There are a few reasons why you might choose to formally renounce your US citizenship. These can include:

  • You are naturalizing as a citizen of a country which does not recognize dual citizenship
  • You want to stop filing US tax returns
  • You want to avoid the costs of filing returns for the Foreign Account Tax Compliance Act
  • You want to run for public office in another country
  • You’re a member of a foreign military, and this puts you in conflict with the US

It’s worth stating up front that renouncing your US citizenship isn’t a fast, cheap or straight forward process. Also, if you renounce your US citizenship and are not a national of another country, you could be left stateless which has severe consequences². Before you make any decisions about renouncing your US citizenship, you’ll want to take legal advice and check out all the details as they may apply to your specific situation.

How do you renounce US citizenship?

OK, on to the key question — how do you renounce your US citizenship, and how long does it take to renounce US citizenship?

To renounce your US citizenship you’re required to appear in person in front of an embassy or consular official, and sign an oath of renunciation³. This process is managed locally by US embassies and consulates all around the world, and as such the exact process may vary from place to place.

As an example, let’s look at the process if you’re applying from Australia to renounce your US citizenship⁴:

1. Email the Consulate General serving your location with a full set of your personal details, scanned copies of your US ID documents, and a reason for your decision
2. Assuming all the required information is included, you’ll be contacted in 10 - 15 business days to schedule an appointment to attend the Consulate in person
3. Attend the appointment to complete your oath of renunciation and confirm your understanding of the process. You’ll also need to pay a fee at this stage
4. Your documents are sent to the US for consideration, which can take 3 - 6 months
5. You’ll be notified of the outcome by the Consulate once a decision is made

Prior to your meeting at your local consular service, you’ll want to read through and get familiar with the paperwork you’ll need to complete on the day. The documents you need are Form DS-4080⁵ and Form DS-4081⁶. The first document is the oath you make confirming you are voluntarily renouncing all the rights and privileges of being a US citizen. The second document is to show that you understand the full legal and practical ramifications of relinquishing your nationality in this way.

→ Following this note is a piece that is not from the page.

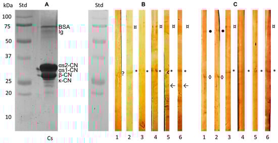 Bovine milk caseins (BMC) subfractions and their immunodetection in participants with dual immunoreactivity (IgG+/IgA+) to BMC. Laemmli’s SDS-PAGE of mixed BMC (A) and corresponding IgA (B) or IgG (C) immunoblots identifying αS1/S2 (*), β (◊), κ (arrow) caseins (CN), milk immunoglobulin (Ig, ●), bovine serum albumin (BSA, ¤), negative signal (?).

If you renounce your US citizenship, can you get it back?

In most cases you can not get US citizenship back once you have renounced it.

The most common exception is if you lost your citizenship as a child — including people who lost citizenship due to completing foreign military service while under the age of 18. In this case you can apply to get your US citizenship reinstated within six months after turning 18³.

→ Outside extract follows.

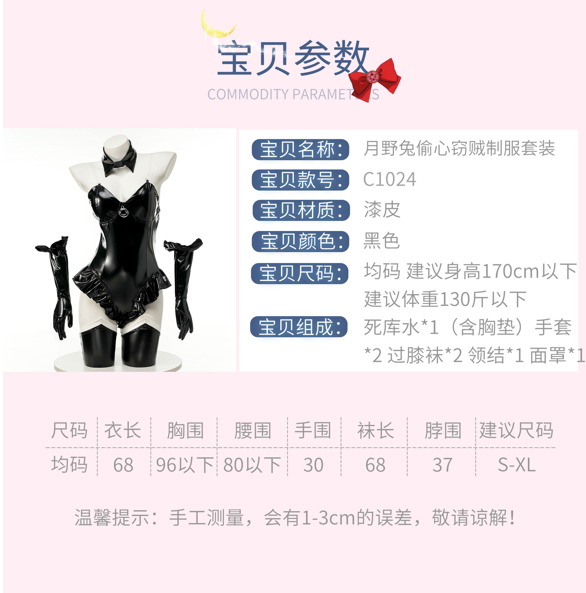 에나멜 가죽 섹시 속옷 세트 여성 코스프레 문 토끼 심장 도둑 코스프레 만화 세트 C1024

Where can you renounce your US citizenship?

You can not usually renounce your US citizenship from within the US⁷. In fact, as soon as you renounce your citizenship formally you will need permission from the US government to even be present in the US — either in the form of a visa or a visa waiver. The only exception here is if the US is in a state of war — in this case it may be possible to renounce your citizenship within the US if this is approved by the authorities.

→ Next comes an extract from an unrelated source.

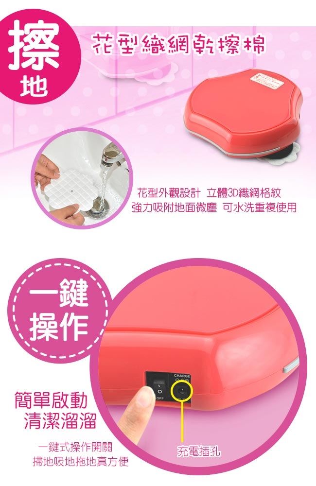 ◆附4片小花擦地棉布,可水洗,可重複使用,掃、吸、擦一次搞定

You’ll normally only be able to renounce your US citizenship while you’re abroad — this can be done at your closest US embassy or consulate.

What is the difference between renouncing and relinquishing US citizenship?

You’ll hear the process of losing your US citizenship described variously as renouncing and relinquishing your nationality. Surrendering your US citizenship is also commonly used — but not a formal description of the process.

There are actually differences in the meaning of renouncing and relinquishing citizenship in this way — here’s a basic breakdown.

Voluntarily and with intention renounce your citizenship in front of a US representative at a consulate or embassy abroadCommit an act which causes you to automatically lose your US citizenship - renouncing your citizenship is a from of relinquishing citizenship, but there are also other relinquishing acts such as holding public office in a foreign country or fighting against the US with a foreign military

What are the implications of renouncing your US citizenship?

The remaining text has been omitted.